AFC chief executive Austin Straker admits the process has taken much longer than anyone expected – it had originally been planned for last summer and the very start of the season – but is now happy with where things stand.

“We're fairly comfortable with the floodlights at the minute – though it has taken months longer than anyone would have imagined,” he said.

“We're well under way, but we can't proceed to the Football Stadia Improvement Fund without three confirmed like-for-like quotes.

“We have three quotes in, with the deadline set for Thursday evening for any other quotes to be received.

“A little sub-committee of us will sit down on Friday to review them and see where we are.

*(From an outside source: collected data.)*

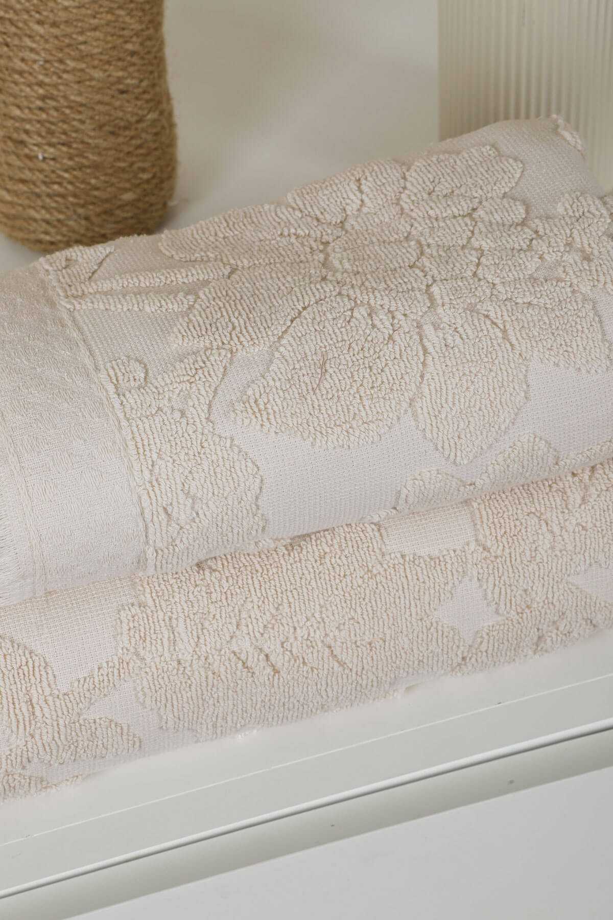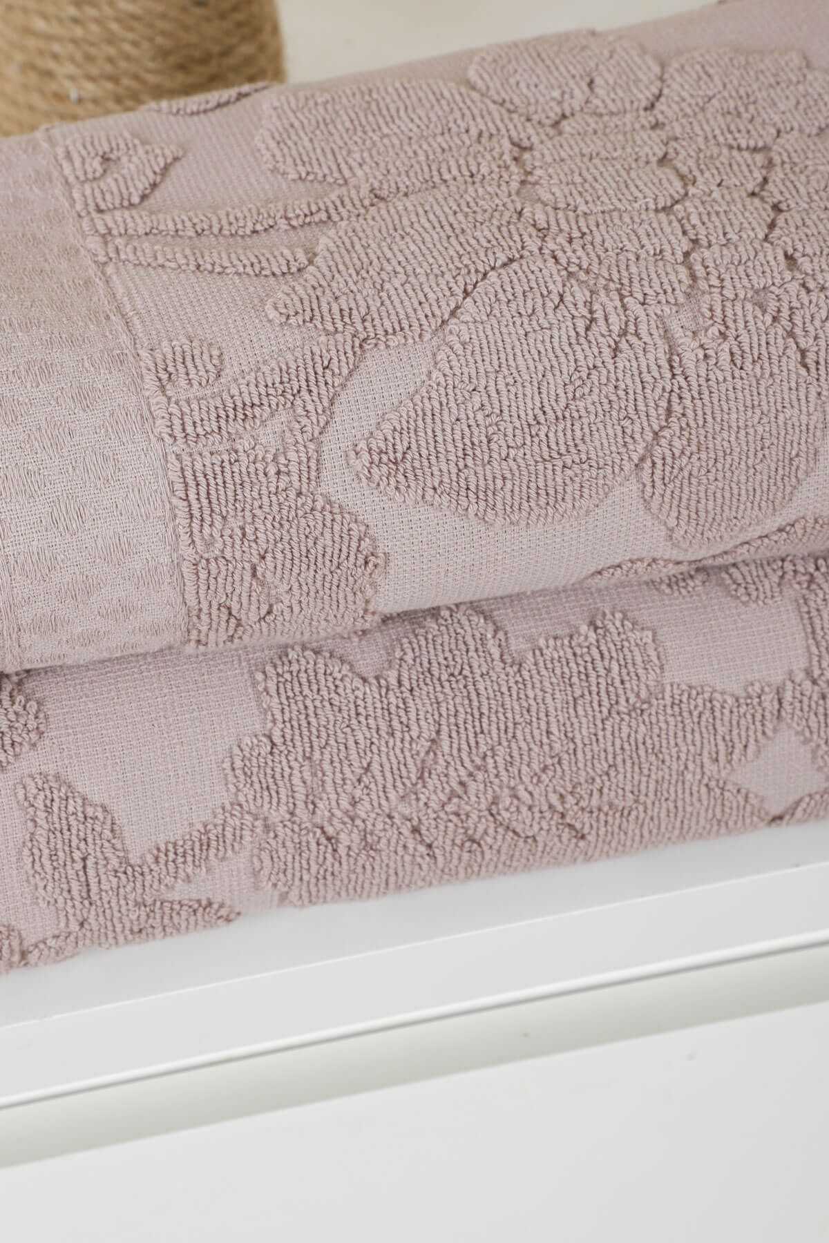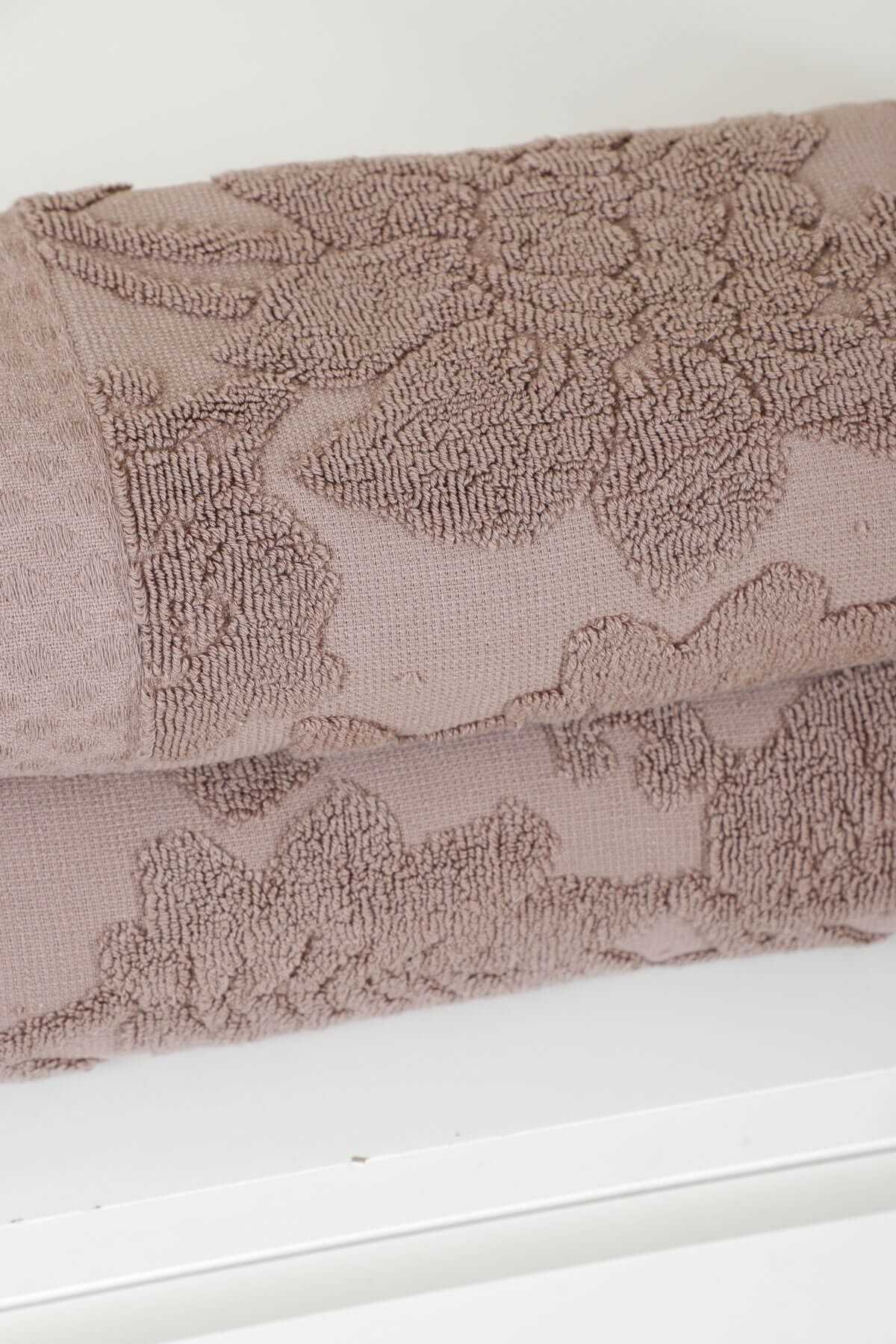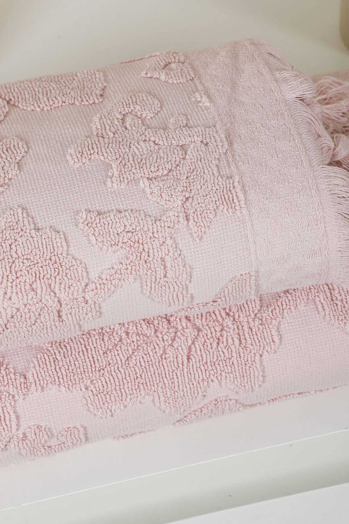 Gramajlı saçaklı jakarlı banyo havlusu takımıdır.
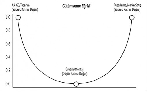 Üretimi ucuz emek bölgelerine taşıyan değer zincirleri burada çok önemli tabi. Meşhur bir eğri var Gülümseme Eğrisi deniyor literatürde. Kabaca, küresel değer zincirinde en düşük katma değerin üretim aşamasında, en yüksek katma değerin ise tasarım/Ar-Ge ve pazarlama/marka aşamalarında toplandığını gösteren bir modeldir. Kenarlarda gelişmiş ülkeler ortada ise az gelişmişler toplanıyor…
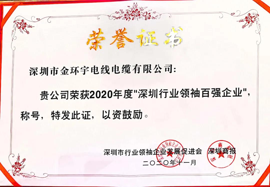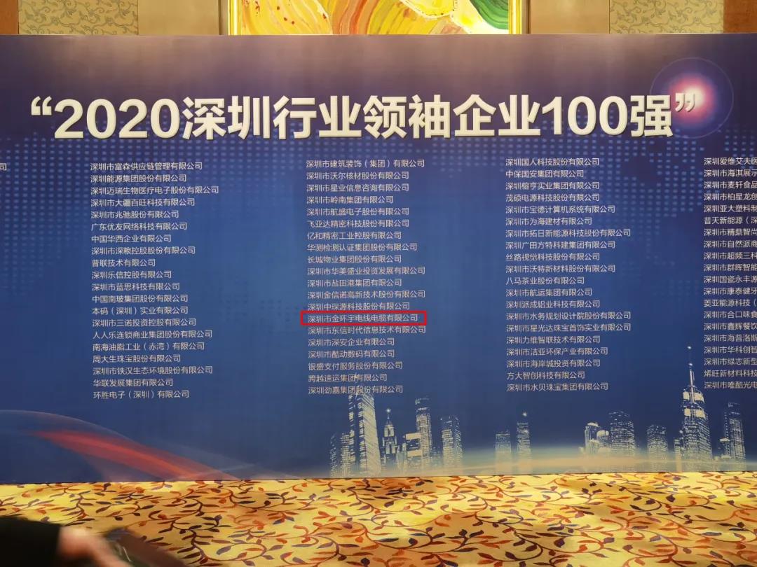 深圳市金环宇电线电缆有限公司本次很荣幸入选“2020深圳行业领袖企业100强”。
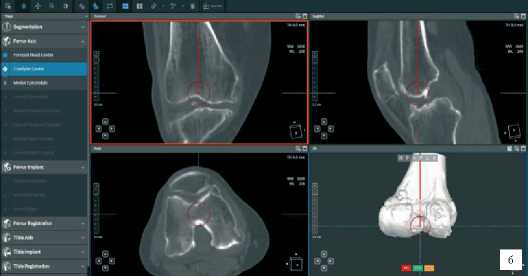 После чего в аксиальной проекции планируется ротация бедренного компонента ориентируясь на трансмыщелковую ось и суставную поверхность надколенника (Рисунок 6).
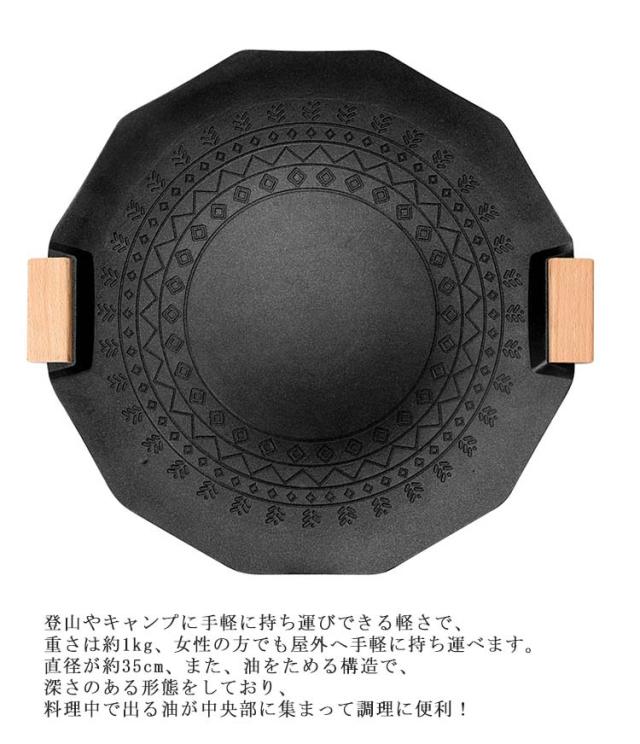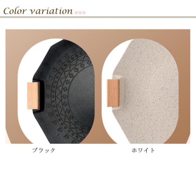 | サイズ:直径約35×高さ5cm 厚み4.5mm 重量:約959g 材質:アルミ素材、フッ素コーティング 取っ手:ブナ材 カラー:White / Black 対応熱源:ガス、IH、直火 登山やキャンプに手軽に持ち運びできる軽さで、重さは約1kg、女性の方でも屋外へ手軽に持ち運べます。 アルミ材質で、伝熱性能が優れ(銅:398、アルミ:237、鉄:80。単位:[W/m・K])。更に多様な熱源、ガスコンロ、IH、炭火での使用が可能。 直径が約35cm、また、油をためる構造で、深さのある形態をしており、料理中で出る油が中央部に集まって調理に便利! 耐久保障で、厚みを4.5mmに増厚しました。 | |
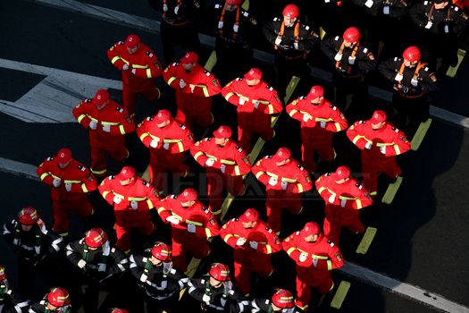 Timp de o oră, au trecut pe sub Arcul de Triumf, de la maşini de luptă, soldaţi pe cai, scafandri şi luptători din toate categoriile de arme. În plus, la parada din acest an au putut fi admirate, în premieră, trei detaşamente subordonate DGIA. De asemenea, au trecut pe deasupra Arcului de Triumf trei aeronave Spartan C27, 3 aeronave IAR -99 Şoim şi 6 aparate MiG-21 LanceR. În anii precedenţi, din cauza ceţii, avioanele MiG nu s-au putut ridica de la sol.

“If any of the others that come in this week are better than any of the three we have already got, then they'll make it into the final contention.

“We have to sit down and look at one of them, where it seems that some of the items in the quote aren't necessary, they're optional. If that's the case, then that would put the price down, or there might be options there we want to take up. There is still work to be done.

“We are drawing up a spreadsheet, not just of the costs, but of what you are getting. They are differently-designed masts, differently-designed lights, and Paul will have to decide which he likes.”

He added: “They are quoting for the whole job – the civil engineering, the masts, the lights, the electricals, taking the towers down and dismantling them. It's an all-in figure.”

Straker hopes much of the work in bringing down the pylons and put up new stanchions will be carried out by local companies, though quotes have been sought from firms outside the area.

“They will be entirely new structures,” he added. If anything, it is the legs which are the weakest part of the structures, and it would be absolutely ludicrous to keep any of it.

“They should have been down last year, but we ran out of time in the close-season.

“There is a lot of work for them to do – they have to come and check on the electrics, on the state of the ground, they have to put the plans together and there is a lot of work that goes on when different companies work together.

“We're trying, within our principles, to work with as much local employment as we can. Some of the masts and lighting quotes have come from outside the town, but quite a bit of the engineering and the civil work is linked in with local companies.”

Work on the floodlights follows a recent ground survey which reassessed the capacity at Holker Street at 5,000 – following demands from the Football League that this figure be met if AFC were to be allowed in the National League play-offs.